Hammad Waleed April 18, 2026

India’s defence ties with Israel and reliance on Israeli weapons creates a commitment trap where, if not for strategic congruence, an operational linkage is indeed taking place may raise concerns with regional countries including Pakistan that may feel threatened by Israel. Simply said, Israeli weapon systems and manufacturing base come with trainers, advisors, and joint operators who actively participate in real-time employment of these systems. India’s reliance on Israeli systems during Operation Sindoor in May 2025 is a prime example. India claims to have utilized Israeli-origin stand-off munitions (Rampage and Spice-2000) to target the Pakistani mainland. In addition, India majorly used Israeli-origin drones (Herop and Heron) in ISR missions against Pakistani military installations. Pakistan shot down one of India’s Israeli-origin ISR drones on May 7.

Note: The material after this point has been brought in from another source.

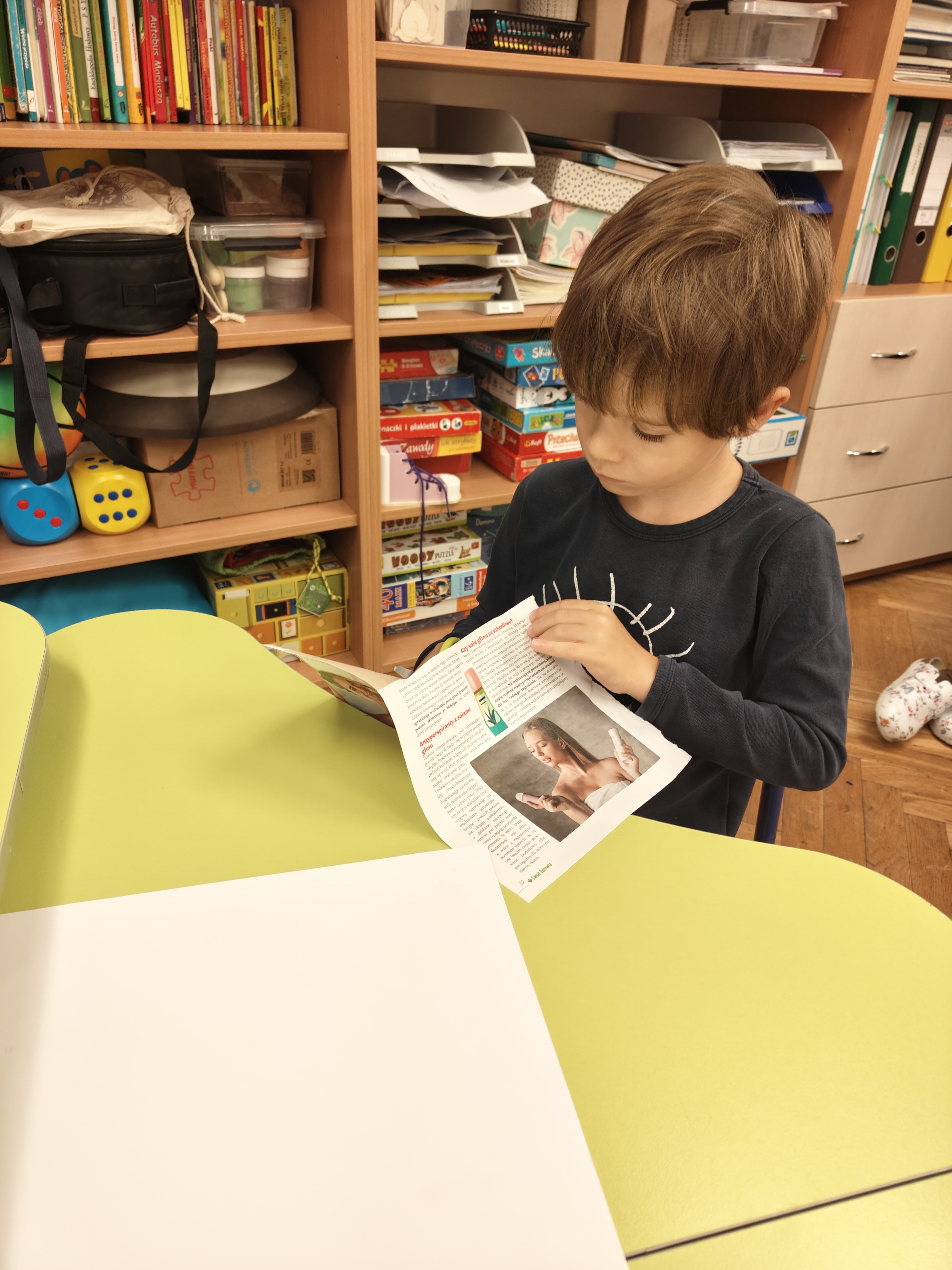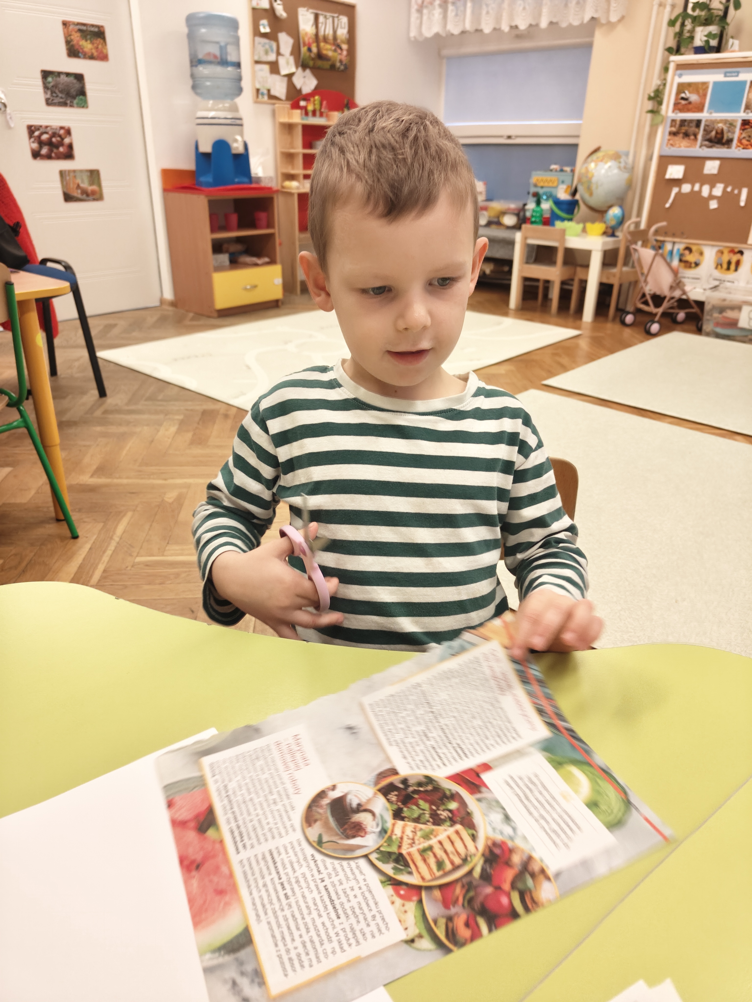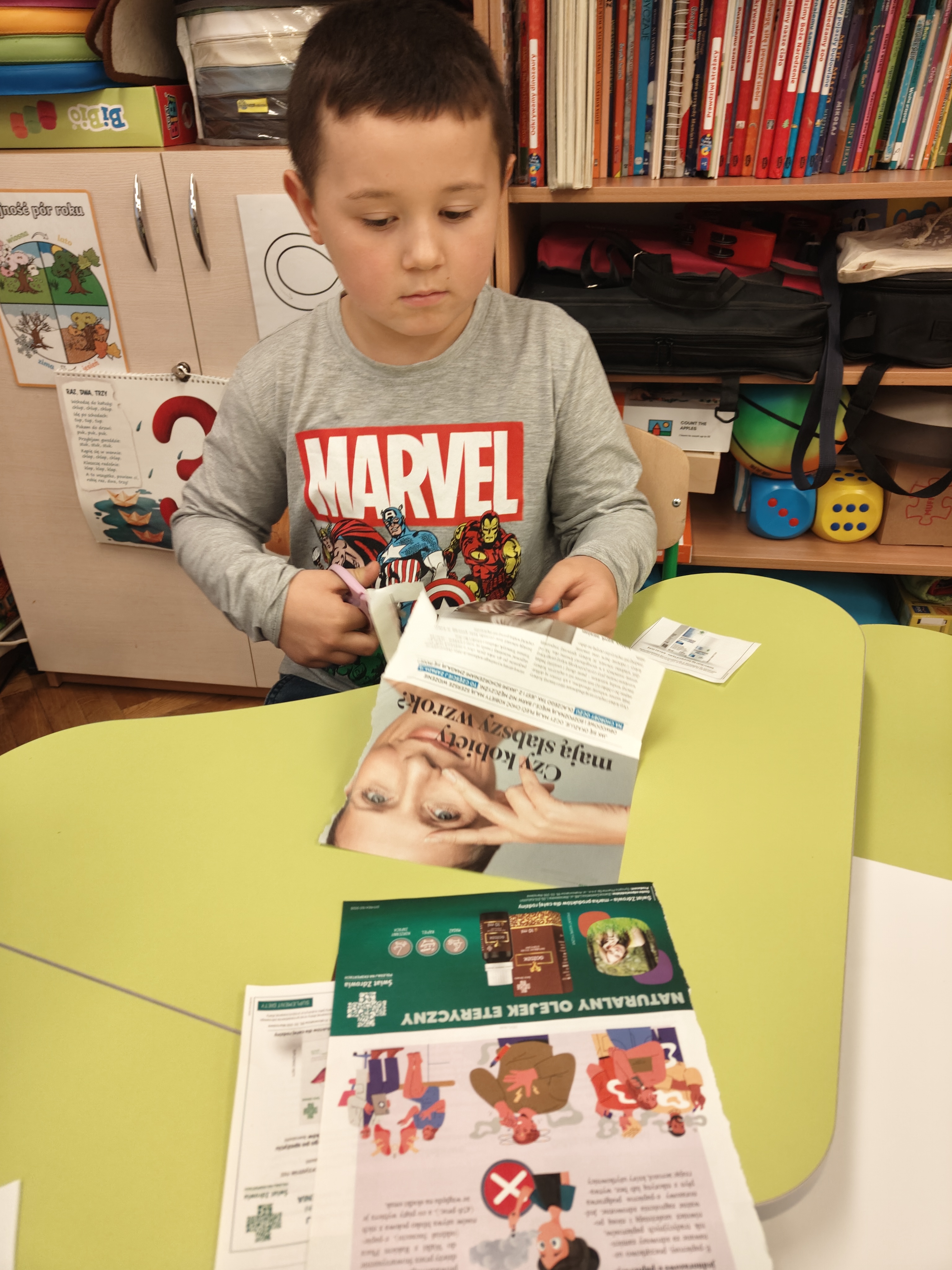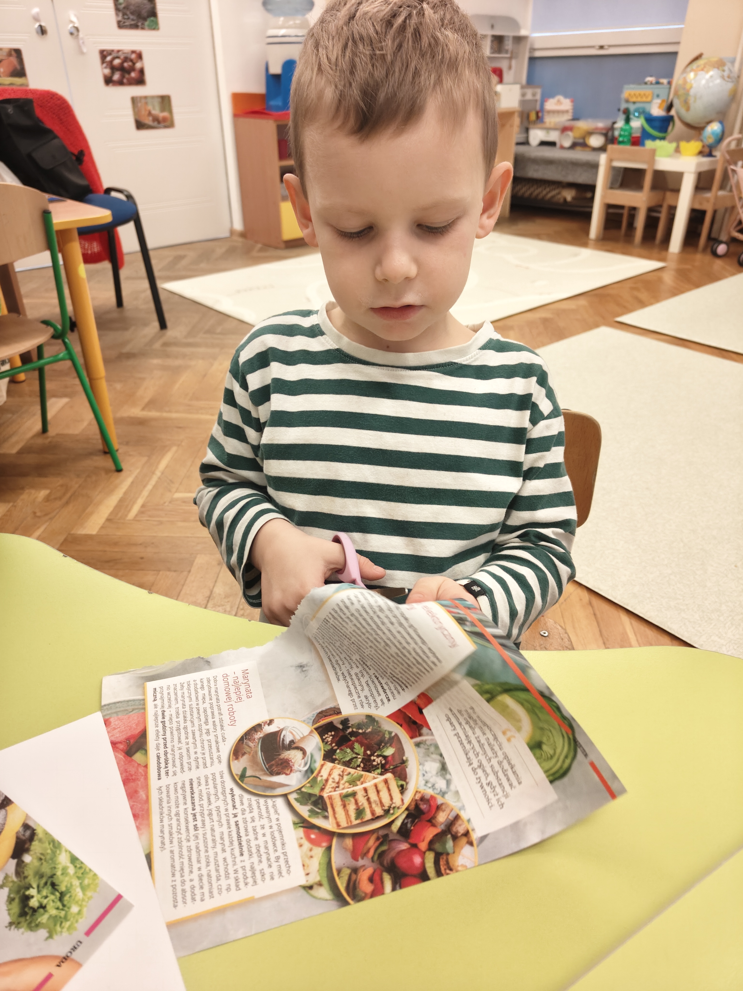 „Małe nożyczki mamy,równo wycinamy.Tniemy ciach, ciachu ciach,mocno dociskamy”.
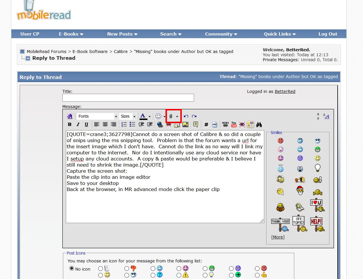 Cannot do a screen shot of Calibre & so did a couple of snips using the ms snipping tool. Problem is that the forum wants a url for the insert image which I don't have. Cannot do the link as no way will I link my computer to the internet. Nor do I intentionally use any cloud service nor have I setup any cloud accounts. A copy & paste would be preferable & I believe I still need to shrink the image.

From an Israeli perspective, it would prefer to diversify and offshore critical defence industrial base, especially in the context of its geographical vulnerabilities that have been exposed during the war with Iran. Israel has a small landmass. Most of its industries are located in close proximity, which makes them lucrative target for stand-off attacks. Even with error probability of missiles, that its industrial base is quite exposed. Therefore,  Israel not only seeks to secure its industrial base but also needs to scale it up, and to use it to foment defence sales abroad. It is already selling state-of-the-art weapons to countries in Europe and Asia. India, being its largest customer and one with a political elite resonating with the Israeli right wing, would be seen by Tel Aviv as a safer destination to offshore its defence industrial base.

India is seeking to diversify its defence arsenal, especially in stand-off precision strike capability, along with unmanned AI-driven systems. In both domains, Israel has a qualitative edge in comparison to Russian and indigenous systems. Israel’s war machinery currently employed against Iran is also using assets developed in India, especially drones with BEL.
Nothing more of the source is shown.